Back to all videos

AIE Singapore Day 2 ft. Google DeepMind, OpenClaw, Adaption, Arize, Cloudflare, Robot Company & more

By AI Engineer

their architecture evaluation tool calling data infrastructure

Share:

Key Concepts

Agentic Harnesses: The environment, toolchains, and guardrails surrounding an AI agent that ensure reliability and success.
Context Management: Strategic handling of data (truncation, compression, and memory) to prevent context window overflow while maintaining task focus.
Operational Design Domains (ODD): Defining the specific constraints and boundaries within which an AI system is tested and expected to perform.
Code Mode: A paradigm where models write code to interact with tools rather than making sequential, costly API calls, reducing latency and token usage.
V8 Isolates: A secure, lightweight, serverless runtime environment used for executing untrusted AI-generated code.
Synthetic Data Generation: Using AI to augment test sets, particularly for edge cases in mission-critical scenarios.
Agentic Telemetry/Observability: Real-time monitoring of agent behavior to identify root causes of failures (e.g., "agent-shaped problems").
Company Brain: A centralized, synthesized source of truth (context graph) that integrates disparate data sources (Slack, Notion, GitHub) for agents to operate reliably.
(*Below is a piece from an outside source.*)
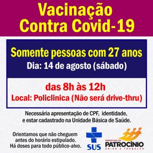 Ao contrário das outras etapas de vacinação contra Covid-19 em que não ocorriam aos sábados, nesta semana será diferente. Amanhã (14) pessoas com 27 anos serão vacinadas, dando sequência a imunização por idade em Patrocínio.

1. Building and Scaling AI Agents

The conference emphasized that building reliable agents requires moving beyond simple prompts.

Staying on Task: Agents often fail due to "attention problems" rather than hallucination. Planning is the solution: agents must explicitly define a to-do list (states: pending, blocked, in progress, completed) before executing actions.
Context Management: Strategies include "compressing values, not structure" (keeping JSON structure but truncating large strings) and using "large JSON" abstractions where data is stored in memory and referenced by ID.
Debugging: The feedback loop is critical. Teams are moving toward "Agentic IDEs" where agents read telemetry data (traces) to iterate on their own fixes.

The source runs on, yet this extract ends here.